Neither Wolfe nor Krugman explain why there is no "robust" recovery, however. The Keynesian explanation is that a market economy cannot generate by itself the necessary "spending" to move out of the doldrums. Only government can do that.

However, neither Wolfe nor Krugman can explain why that is so when, in fact, every recession before the Great Depression ended without a massive explosion of government spending, including the deep but short-lived recession of 1921. Why is this situation any different?

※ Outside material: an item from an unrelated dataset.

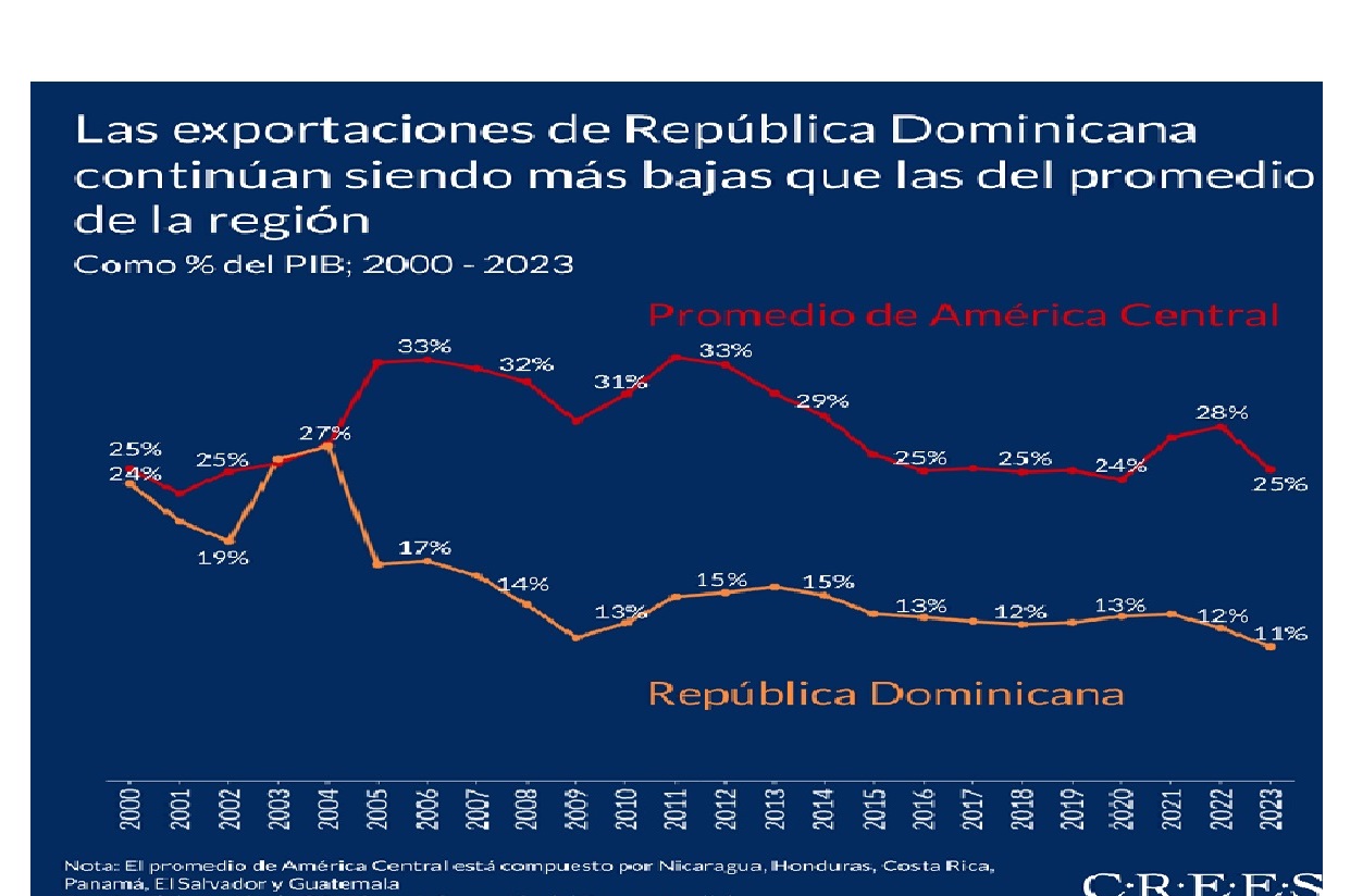 Santo Domingo, RD.- Un análisis económico sobre el renglón de las exportaciones realizado por el Centro Regional de Estrategias Económicas Sostenibles, CREES, advierte que las exportaciones de la República Dominicana, como proporción de su Producto Interno Bruto (PIB), han mostrado un desempeño inferior al promedio de América Central.

The problem is that neither person wishes to deal with the fact that the economy is full of malinvestments that governments still are trying to keep propped up, just as Japan tried to do the same during the "Lost Decade." To Keynesians like Wolfe and Krugman, all economic assets are homogeneous, and there is no difference between the activities of the state or private business, economically speaking, except that whatever the state does is morally and economically superior!

Krugman continues to claim that he is not a socialist, but if he wants the state to be doing everything, including confiscating huge amounts of income from individuals, then I don't see where his view differs from standard socialism.

Thursday, May 27, 2010

Krugman: In Despair Because Governments Are Reluctant to Inflate Even More?

In his post, "Reasons to Despair," Paul Krugman declares that the prospects for economic recovery are "grim." I happen to agree with him, but our reasons are quite the opposite. For Krugman, his despair is based upon his belief that governments are not inflating enough, while I believe governments are inflating way too much. Obviously, there is no way for our ideas to intersect.

Krugman writes:
Here’s where we are: growing GDP, but mass unemployment still the law of the land, with only tiny progress so far. What can be done?

Well, we could have more fiscal stimulus — but Congress is balking even at the idea of extending aid for the ever-growing ranks of the long-term unemployed. Fiscal responsibility, you see — hey, and let’s make sure estate taxes stay low!

We could get tough with China, which continues its currency manipulation and, in the face of a world of grossly inadequate demand, is actually tightening monetary policy to avoid an overheating economy — when basic textbook economics says that it should be appreciating its currency instead, which would not only rebalance China’s economy but help the rest of the world. So given China’s outrageous behavior, Geithner went to China, got nothing .. and pronounced himself very pleased.

We could do more through monetary policy. Macro theory suggests that the theoretically right answer, if you can do it, is to get central banks to commit to a higher inflation target. But the Fed and the Bank of Japan say no, because … well, that’s not what central bankers do.

It’s depressing: shibboleths and conventional wisdom are blocking all routes out of this slump. And I worry that policy makers will just sit there, for years and years, all the while congratulating themselves on the soundness of their policies.
So, Krugman despairs because the governments won't print enough money and won't confiscate enough wealth from others. Now, he does not explain how destruction of the currency and confiscation of wealth will lead to a "recovery," but I am sure that the answers can be found in his columns.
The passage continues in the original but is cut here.